Osteoclasts resorb and break down bone tissue as part of the body’s natural bone remodelling and maintenance process. When these cells become senescent, they no longer function properly, which can lead to problems with bone maintenance and repair.
“It’s previously been shown that senescence promotes age-related musculoskeletal diseases such as osteoporosis, and removing senescent cells from degenerated vertebral discs restores the intervertebral disc structure,” explains lead author Dayu Pan, Postdoctoral Research Fellow in the Departments of Orthopedic Surgery and Biomedical Engineering, Johns Hopkins University School of Medicine, US. “We previously found that osteoclasts cause the endplates between each vertebra and disc to become porous, allowing infiltration of new nerves that cause lower back pain. In this study, we set out to test whether this is caused by a specific group of senescent osteoclasts and whether eliminating these osteoclasts could reduce the pain.”
The research team first set out to identify whether senescent osteoclasts were present in the porous endplates of vertebrae in mice with two types of spine hypersensitivity – one caused by ageing and the other caused by lumbar spine instability. They tested for the simultaneous presence of two markers within the bone – ‘TRAP’ which is a hallmark of osteoclasts, and p16, used to identify senescent cells. In both types of spinal degeneration, they saw a strong association between the presence of senescent osteoclasts and the degree of degeneration and spine hypersensitivity.
Next, they explored whether a drug called Navitoclax, which targets senescent cells, could eliminate senescent osteoclasts and reduce spinal hypersensitivity. As hoped, the treatment caused a significant reduction in senescent osteoclasts compared to untreated mice, as well as reduced pain and increased activity in mice with both types of spine degeneration.
Spinal scans and microscopic examination of bone tissue confirmed there was reduced degeneration and porosity within the endplates, as well as reduced separation between them, in the treated mice. This suggests the anti-senescence drug can prevent the degeneration and remodelling associated with ageing or spine instability.
Finally, because porous endplates allow new nerves to grow into the endplate bone, causing sensitivity, the authors looked at whether senescent osteoclasts play a role in this process. They tested for two markers of nerve fibres in the endplates of mice, as well as markers of new blood vessels, and found that mice treated with the anti-senescence drug had fewer nerves and blood vessels within the endplate than untreated mice. This suggests there is an ongoing dysfunctional production of new bone tissue within the spinal endplate in the ageing or injured spine, and that treatment to remove the senescent osteoclasts could halt this process.

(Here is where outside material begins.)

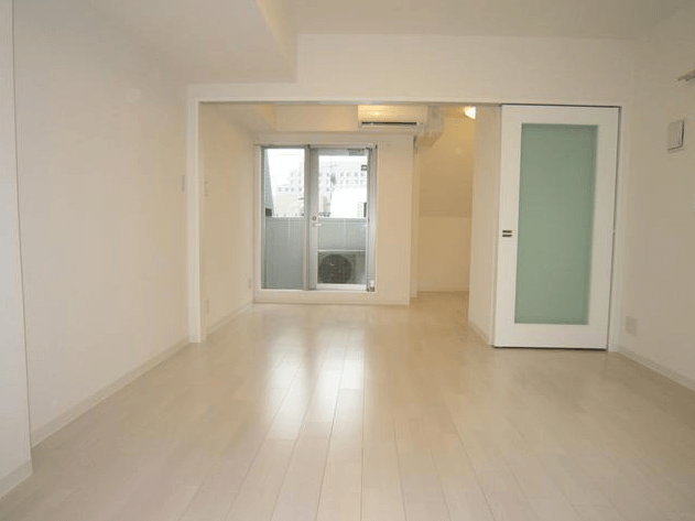 ビバリーホームズ東高円寺206 キッチンから見た居間バルコニー窓とフローリング
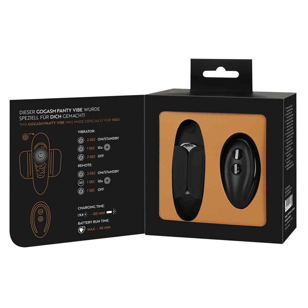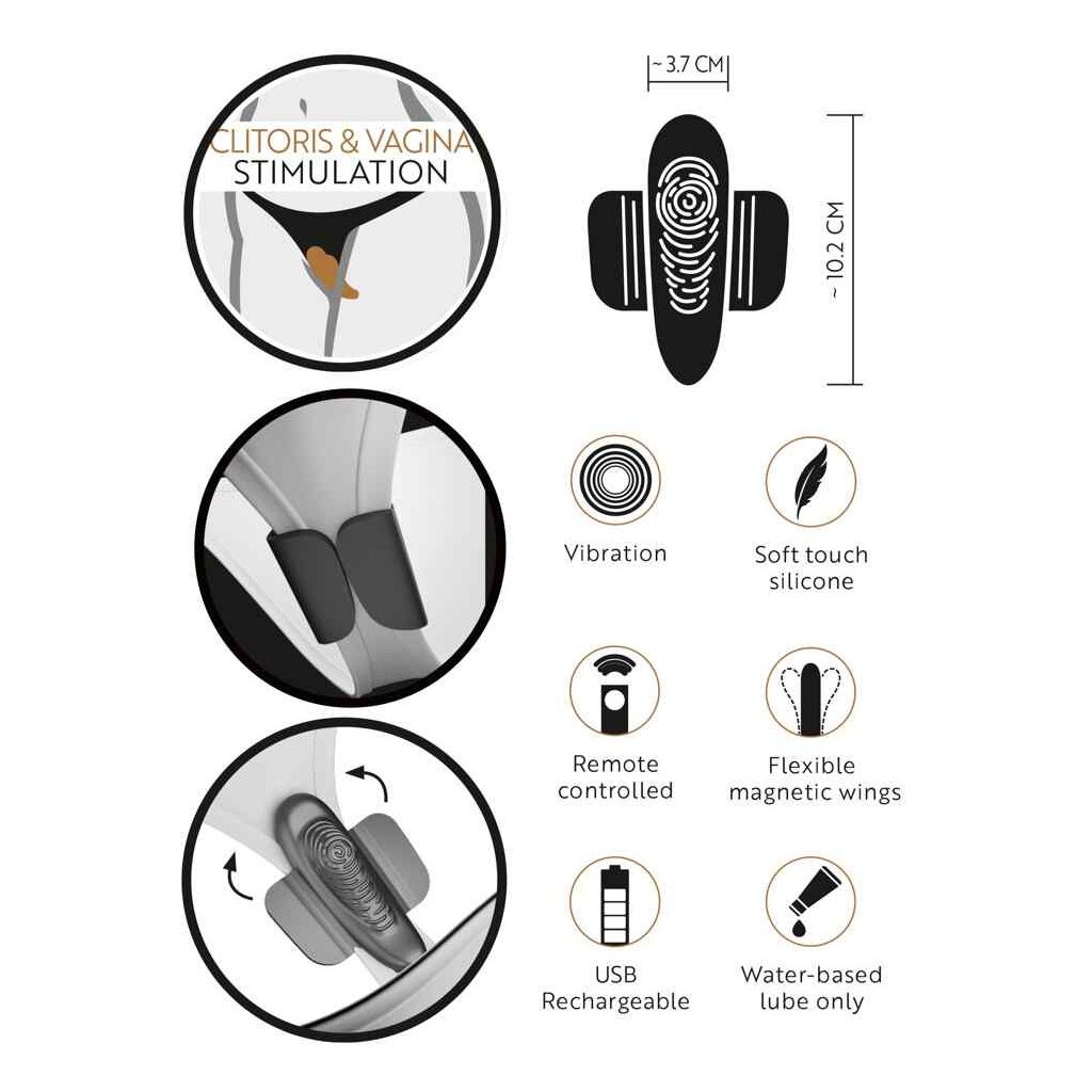 The wonderfully shaped Panty Vibrator from GoGasm has a stimulating texture and magnetic wings for a non-slip fit. It directly stimulates the clitoris and vulva in an intense way. The 10 vibration modes can be easily adjusted with the button on the remote control - it can also be used by a partner for surprising fun and games of control. The quiet but powerful vibrations pleasure anywhere and everywhere. The vibrator is extremely discreet which means that nobody will know its being worn/used! The small, light toy can also be used in the bath or the shower because it is waterproof. The high-quality silicone feels great against the skin when it is being worn and during pleasure. It can be recharged with the included USB cable. There is a battery (CR2032) for the remote control.

Taken together, these findings suggest a potential role for anti-senescent drugs such as Navitoclax in treating spine pain, but this would need to be further evaluated in clinical trials before the treatment could be used in patients with lower back pain.
“Osteoclasts are the principal bone resorbing cells essential for bone remodelling and skeletal development, but we have shown that osteoclasts in the endplate of the spinal column undergoes senescence, leading to nerve growth and spine pain,” concludes senior author Xu Cao, Professor of Orthopedic Surgery, Department of Orthopedic Surgery and Department of Biomedical Engineering, Johns Hopkins University School of Medicine. “Our findings suggest that depletion of these senescent osteoclasts, perhaps by use of existing drugs, could represent a new strategy in the treatment of lower back pain.”